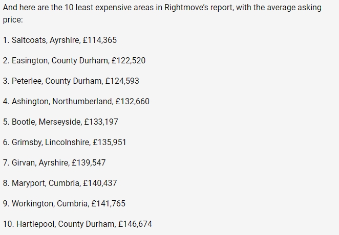 在最便宜的海滨热点排行榜中,达勒姆郡(Durham)的Easington的平均要价排在第二(均价122,520 英镑),该地区的Peterlee排名第三(均价124,593 英镑)。
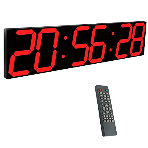 27-tums LED Digital Väggklocka Med Fjärrkontroll, 8-nivåers Ljusstyrka, Automatisk Dimmer, Larm, Kalender, Termometer, For Industrilager Cafeteria Gym (Color : Red)
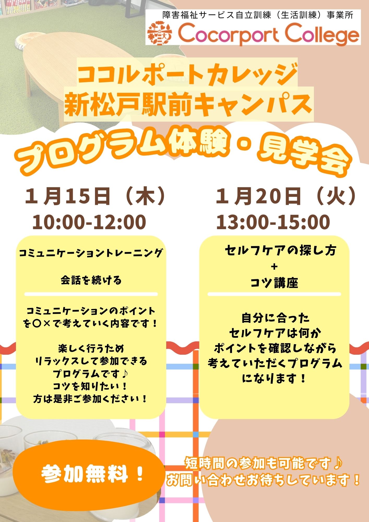 カレッジ見学お申込み | 自立訓練のココルポートカレッジ (cococolle.jp)
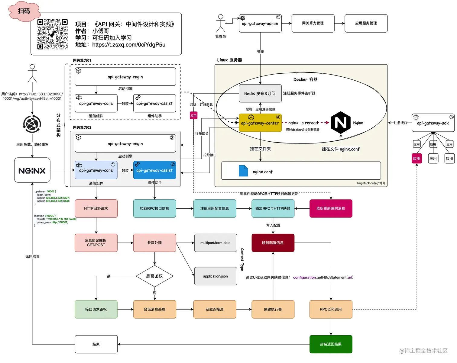 这是一整套API网关的核心通信模型结构图,以API网关算力的多套服务注册到网关中心开始,拉取RPC应用接口并完成映射HTTP调用操作。最终允许用户通过 Nginx 访问和路径重写的负载均衡管理,调用到具体的网关算力中执行协议解析和RPC接口的泛化调用并最终返回结果数据。—— 就这套架构设计学习完,就够你晋升到P7岗了!
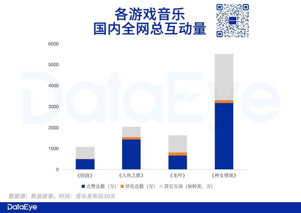 也就是说,只看国内互动量,王者荣耀的《人鱼之歌》和原神的《轻涟》,都是《神女劈观》约五分之一至三分之一的量级——这已经不低了,都是国内游戏行业现象级、出圈的顶级案例。
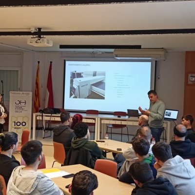 Mireia Alcobé, de recursos humans, i Jordi Cacho, cap de manteniment i exalumne del cicle de robòtica del centre, van presentar l'empresa i les pràctiques que podran fer-hi els nostres alumnes. Finalment, van portar berenar per a tots els assistents.
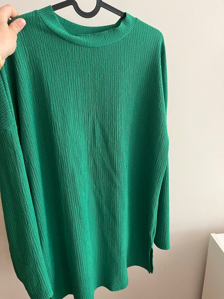 Yeşil renkte, triko dokuma, yuvarlak yaka ve uzun kollu kadın kazak. Yumuşak keten kumaştan, bol kesim ve midi boyda, günlük rahat kullanım için uygun.
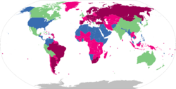 In several countries the 12-hour clock is the dominant written and spoken system of time, predominantly in nations that were part of the former British Empire, for example, the United Kingdom , Republic of Ireland, the United States , Canada (excluding Quebec), Australia , New Zealand, South Africa , India , Pakistan , and Bangladesh, and others follow this convention as well, such as Mexico and the former American colony of the Philippines . In most countries, however, the 24-hour clock is the standard system used, especially in writing. Some nations in Europe and Latin America use a combination of the two, preferring the 12-hour system in colloquial speech but using the 24-hour system in written form and in formal contexts.

» **ASSIGNMENT**:
Write out each line again, exactly as it appears above, except for any picture.

» **TASK ANSWER**:
 在最便宜的海滨热点排行榜中,达勒姆郡(Durham)的Easington的平均要价排在第二(均价122,520 英镑),该地区的Peterlee排名第三(均价124,593 英镑)。
 27-tums LED Digital Väggklocka Med Fjärrkontroll, 8-nivåers Ljusstyrka, Automatisk Dimmer, Larm, Kalender, Termometer, For Industrilager Cafeteria Gym (Color : Red)
 カレッジ見学お申込み | 自立訓練のココルポートカレッジ (cococolle.jp)
 这是一整套API网关的核心通信模型结构图,以API网关算力的多套服务注册到网关中心开始,拉取RPC应用接口并完成映射HTTP调用操作。最终允许用户通过 Nginx 访问和路径重写的负载均衡管理,调用到具体的网关算力中执行协议解析和RPC接口的泛化调用并最终返回结果数据。—— 就这套架构设计学习完,就够你晋升到P7岗了!
 也就是说,只看国内互动量,王者荣耀的《人鱼之歌》和原神的《轻涟》,都是《神女劈观》约五分之一至三分之一的量级——这已经不低了,都是国内游戏行业现象级、出圈的顶级案例。
 Mireia Alcobé, de recursos humans, i Jordi Cacho, cap de manteniment i exalumne del cicle de robòtica del centre, van presentar l'empresa i les pràctiques que podran fer-hi els nostres alumnes. Finalment, van portar berenar per a tots els assistents.
 Yeşil renkte, triko dokuma, yuvarlak yaka ve uzun kollu kadın kazak. Yumuşak keten kumaştan, bol kesim ve midi boyda, günlük rahat kullanım için uygun.
 In several countries the 12-hour clock is the dominant written and spoken system of time, predominantly in nations that were part of the former British Empire, for example, the United Kingdom , Republic of Ireland, the United States , Canada (excluding Quebec), Australia , New Zealand, South Africa , India , Pakistan , and Bangladesh, and others follow this convention as well, such as Mexico and the former American colony of the Philippines . In most countries, however, the 24-hour clock is the standard system used, especially in writing. Some nations in Europe and Latin America use a combination of the two, preferring the 12-hour system in colloquial speech but using the 24-hour system in written form and in formal contexts.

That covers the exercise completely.